The winds are gone from circle power’s sails. On July 30th EGLE rejected the company’s proposal to build 12 wind turbines in the Stanton and Adams township area. Hugh Mcdiarmid of EGLE says that the threat to bats and raptors is too great to approve the Scotia wind farm at this time. Due to the severe loss in population to the Northern Long Eared Bat, as a result of White Nose Syndrome, nearly 90% of the bat’s population has been lost since 2014. The species wouldn’t be the only one affected, but the species is the most notable because of their status on the federal protection list.
The initial rejection of the project came as a surprise to Chris Moore and his associates. Moore says that they had begun the process of working on concessions with the us fish and wildlife service when EGLE’s rejection letter came. The company submitted paperwork approximately three weeks ago to work with the U.S. Fish and Wildlife Service on determining what concession would need to be made for the project to gain approval. EGLE’s final decision was influenced by multiple letters from EPA officials, the U.S. Fish and Wildlife Service stating the wind farm “may be in conflict with important wildlife uses at the site.” The Fish and Wildlife service also noted that because of the proposed location, turbines may be in the position to kill migratory raptors, such as eagles.

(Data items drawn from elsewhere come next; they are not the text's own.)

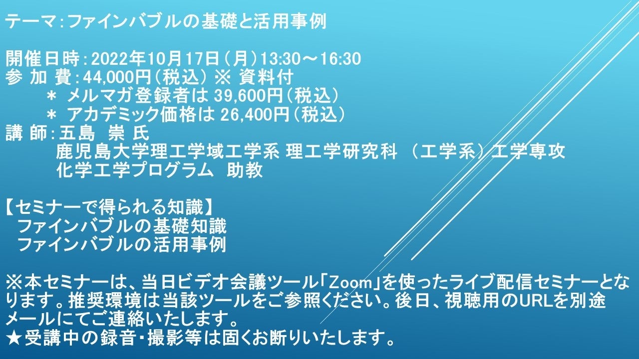 先端技術情報や市場情報を提供している(株)シーエムシー・リサーチ(千代田区神田錦町: https://cmcre.com/ )では、 各種材料・化学品などの市場動向・技術動向のセミナーや書籍発行を行っておりますが、 このたび「ファインバブルの基礎と活用事例」と題するセミナーを、 講師に五島 崇 氏 鹿児島大学理工学域工学系 理工学研究科 (工学系) 工学専攻 化学工学プログラム 助教)をお迎えし、2022年10月17日(月)13:30より、 ZOOMを利用したライブ配信で開催いたします。 受講料は、 一般:44,000円(税込)、 弊社メルマガ会員:39,600円(税込)、 アカデミック価格は26,400円(税込)となっております(資料付)。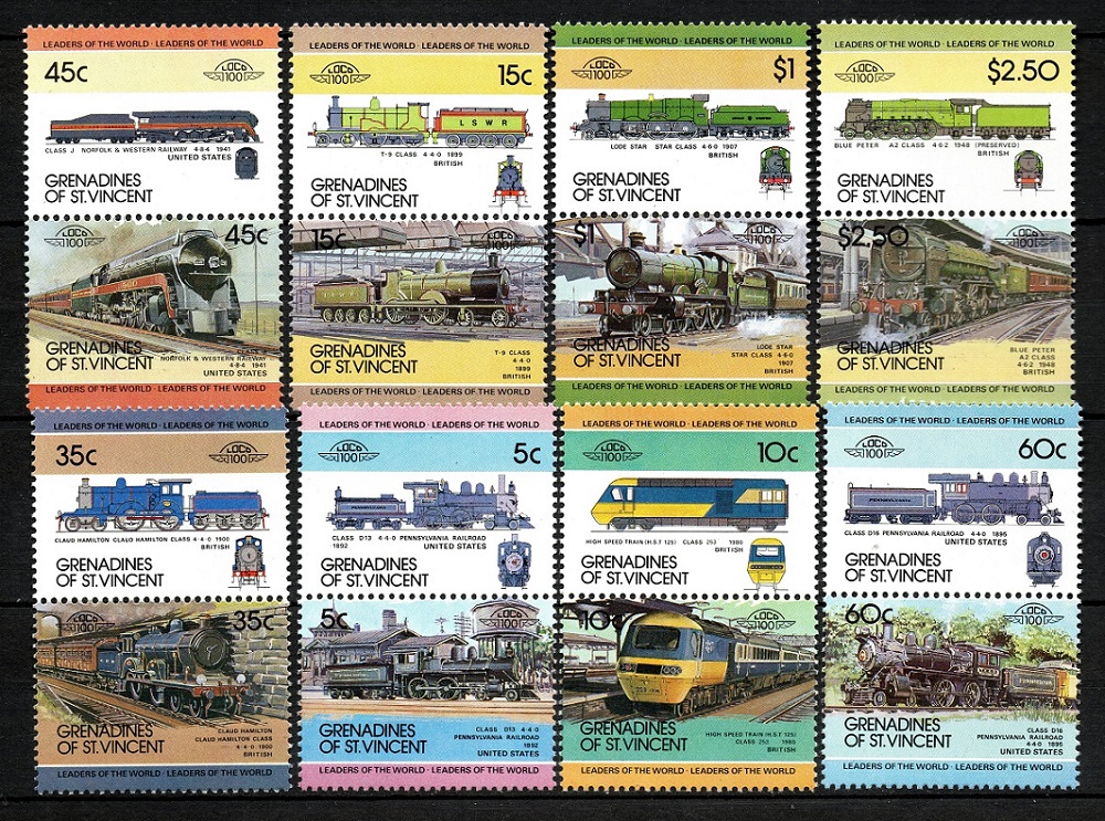 Saint Vincent i Grenadyny . Znaczki pocztowe ( Kolejnictwo ) czyste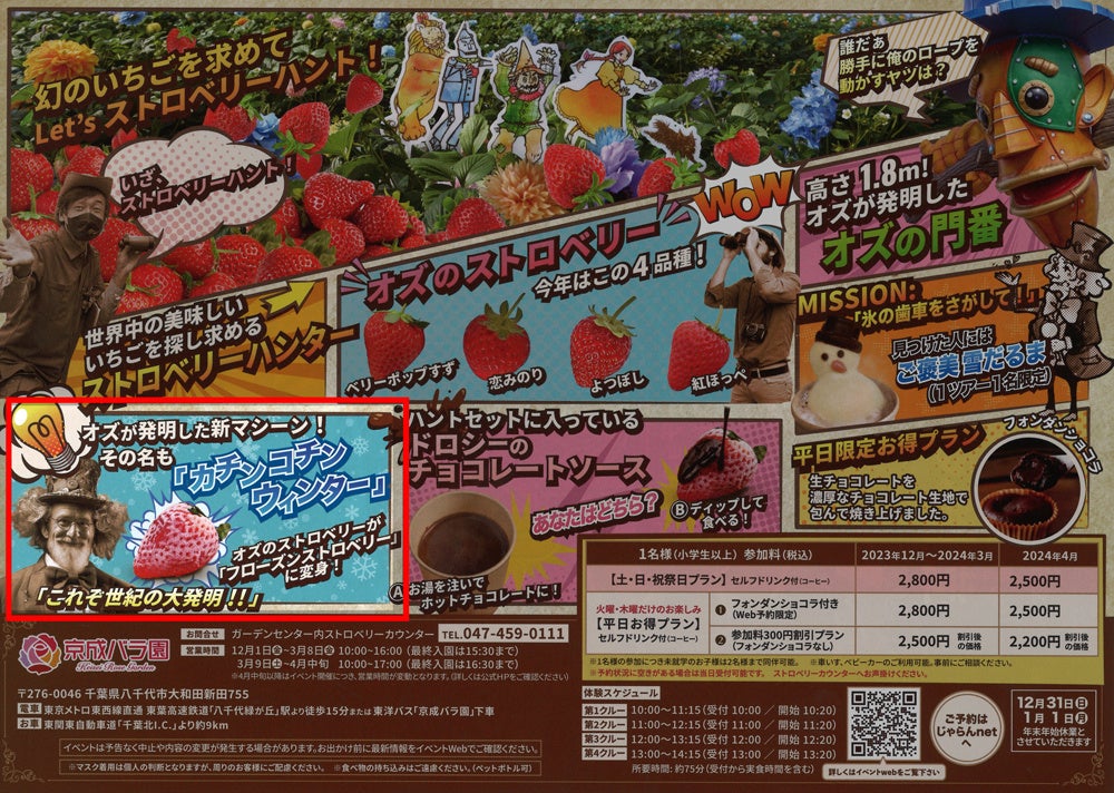 イチゴ狩りイベントではオズの世紀の大発明「カチンコチンウインター」として紹介されています。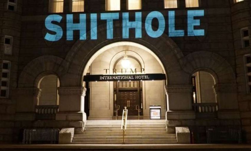 Multimedia artist Robin Bell, of Bell Visuals, also projected the word “SHITHOLE” — with lots of poop emojis — onto Trump’s Washington, DC, hotel on January 13.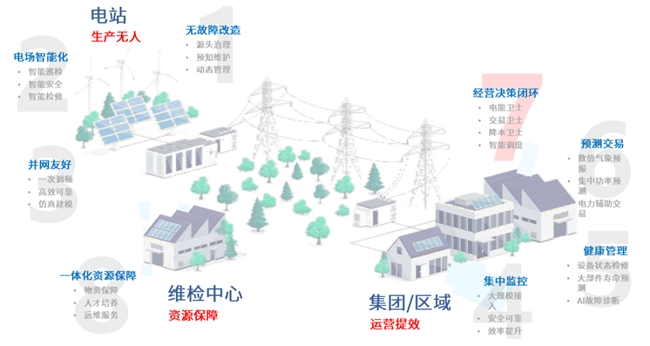 随着新能源行业的规模化发展,新能源场站投资建设步伐加快,独立监控分散运营管理模式已不能适应企业的发展。一方面随着场站装机容量的不断增长,传统的人工运维方式已经无法满足运营需求,无人值班或少人值守的新能源场站已成发展必然趋势;另一方面,随着新能源市场竞争的加剧,降低运维成本、提升运营效率已经成为新能源企业提高竞争力的关键。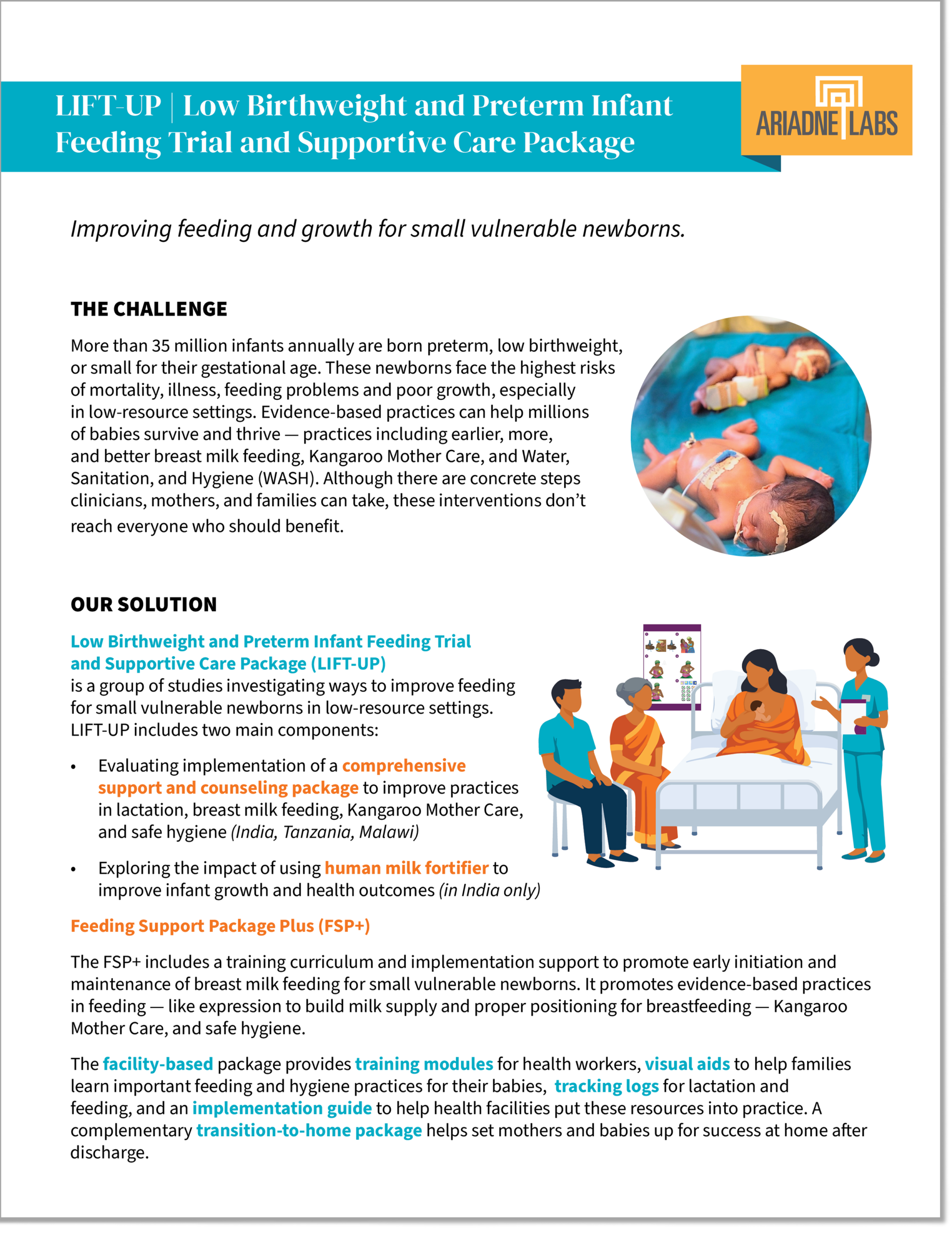 LIFT-UP is a group of studies investigating ways to improve feeding for small vulnerable newborns in low-resource settings. These infants — born preterm, low birthweight, or small for their gestational age — account for 55.3% of global neonatal deaths. Although there are concrete steps clinicians, mothers, and families can take to care for these infants, these interventions don’t reach everyone who should benefit.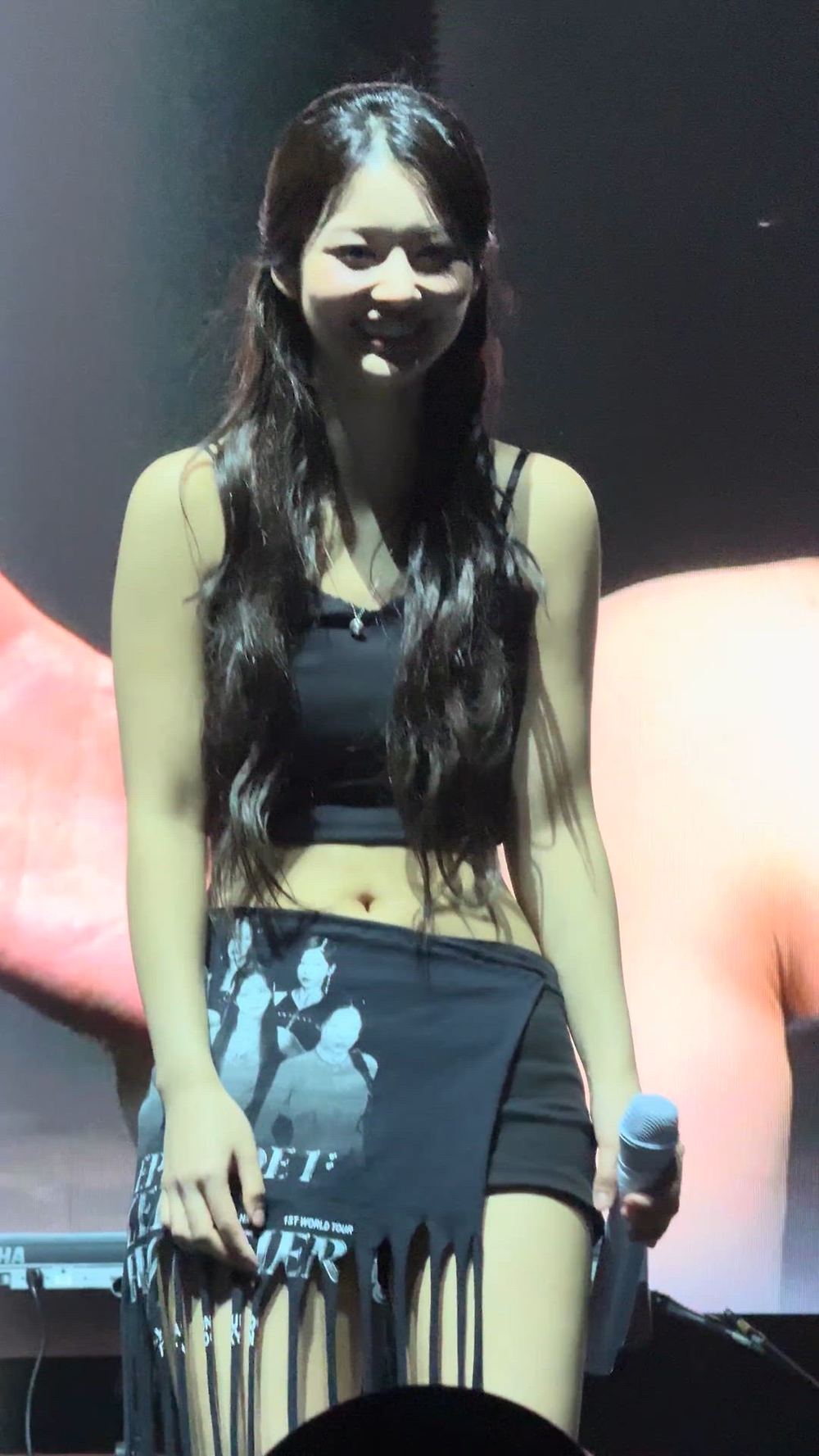 Sullyoon completes a bold and sophisticated stage outfit by matching a black crop top with a skirt featuring graphic details. Through daring exposure and layered styling, Sullyoon demonstrates a trendy sense of style and a premium luxury mood unique to idols.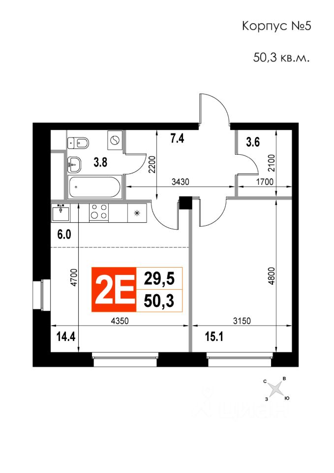 Продаётся 2-комнатная квартира в строящемся доме (Корпус 5), срок сдачи: II-кв. 2026, общей площадью 50.3 кв.м., на 17 этаже. Многоквартирный жилой дом со встроенно-пристроенными нежилыми помещениями и автостоянкой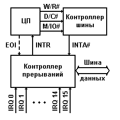 Упрощенная схема взаимодействия контроллера прерываний с процессором и контроллером шины имеет следующий вид.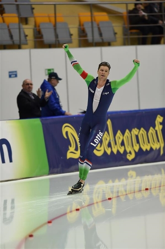 KOLOMNA, Feb. 12, 2016 (Xinhua) -- Dutch speed skater Sven Kramer celebrates after 10000m distance at World Single Distances Speed Skating Championships in Kolomna, Russia, on Feb. 11, 2016. Sven Kramer claimed the title with 12:56.77. (Xinhua/Evgeny Sinitsyn) 14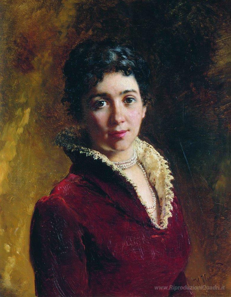 Ti offriamo una riproduzione artigianale su tela dell'opera famosa 'Ritratto femminile' di Konstantin Makovsky, dal Museo delle Riproduzioni.
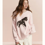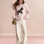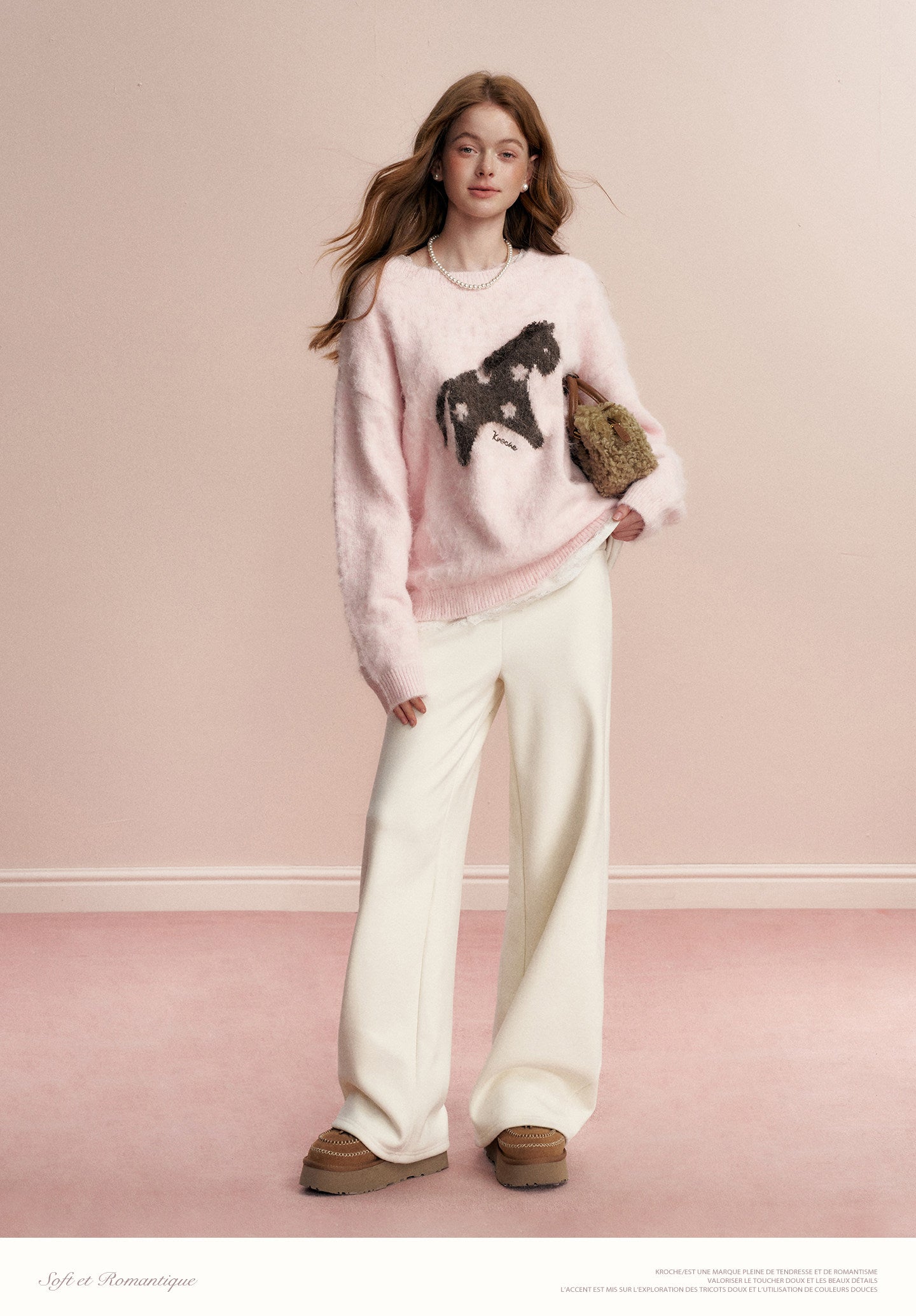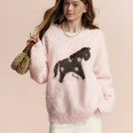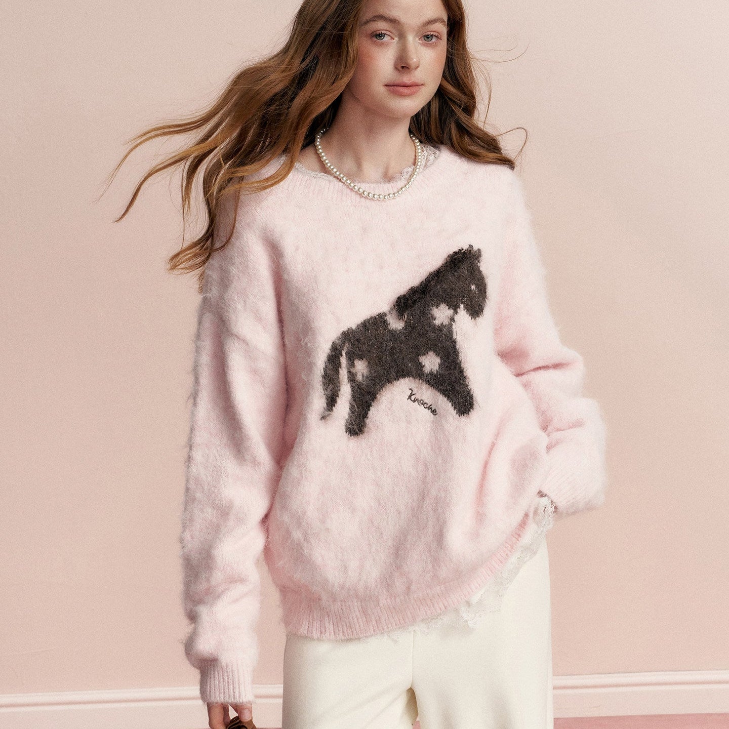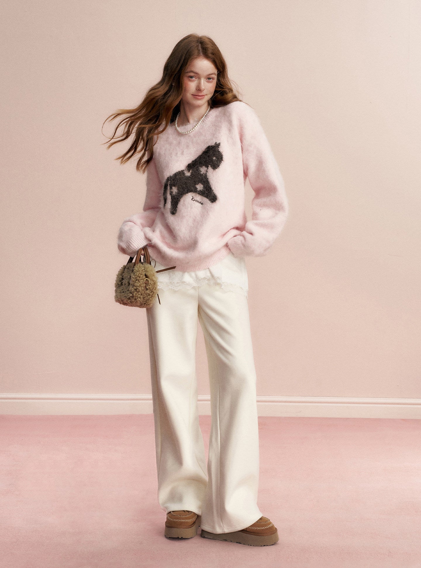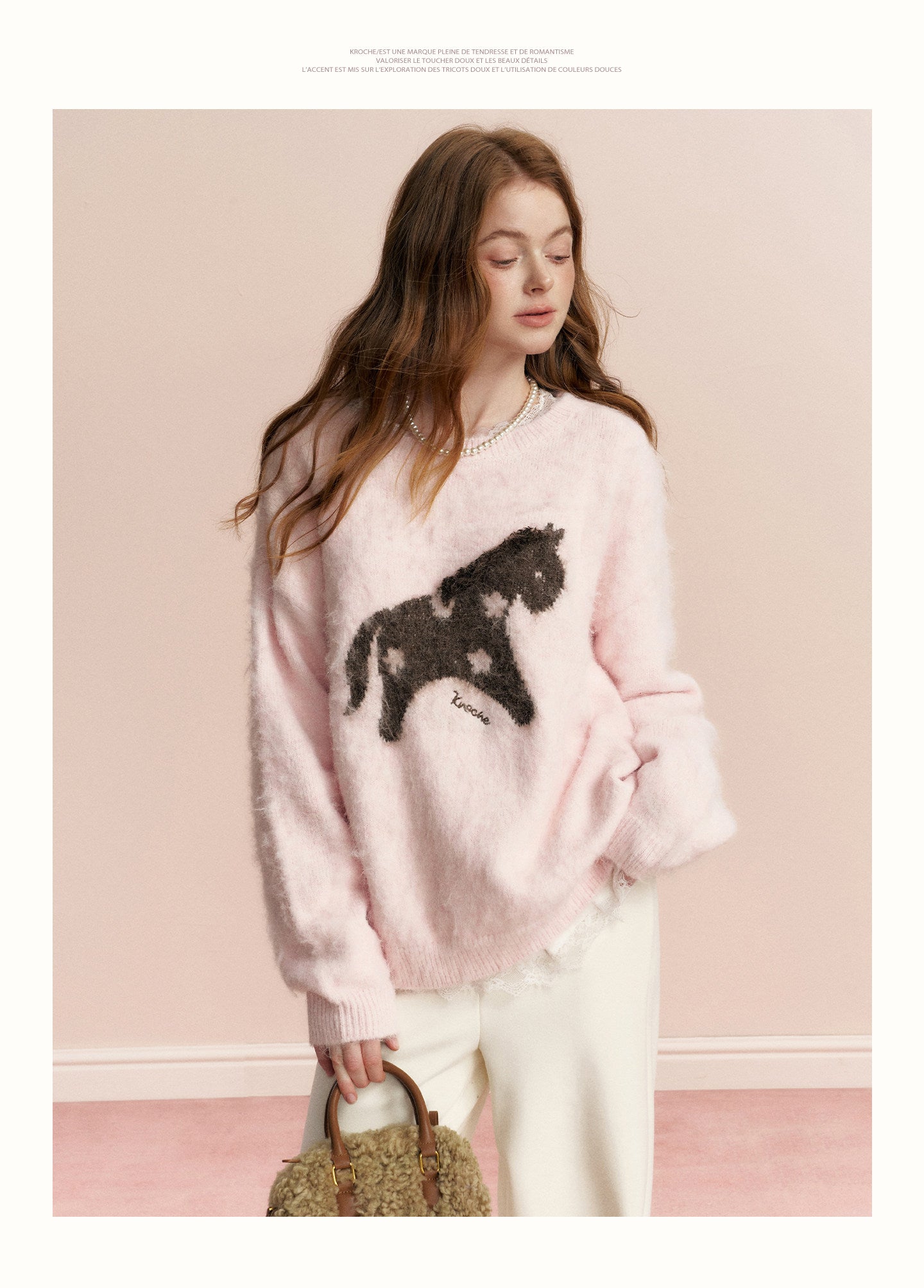 Kroche 2602 羊毛混纺 拉毛撞色小马提花宽松圆领毛衣 柔雾粉

Circle power plans to continue their fight to build wind turbines in the Keweenaw peninsula. For now the company will need to go back to the drawing board and determine what concessions they can make that could potentially allow the project to be approved. EGLE is in favor of renewable energy being developed in the upper peninsula, but will look to only approve projects that benefit the community and cause little to no impact on our environment.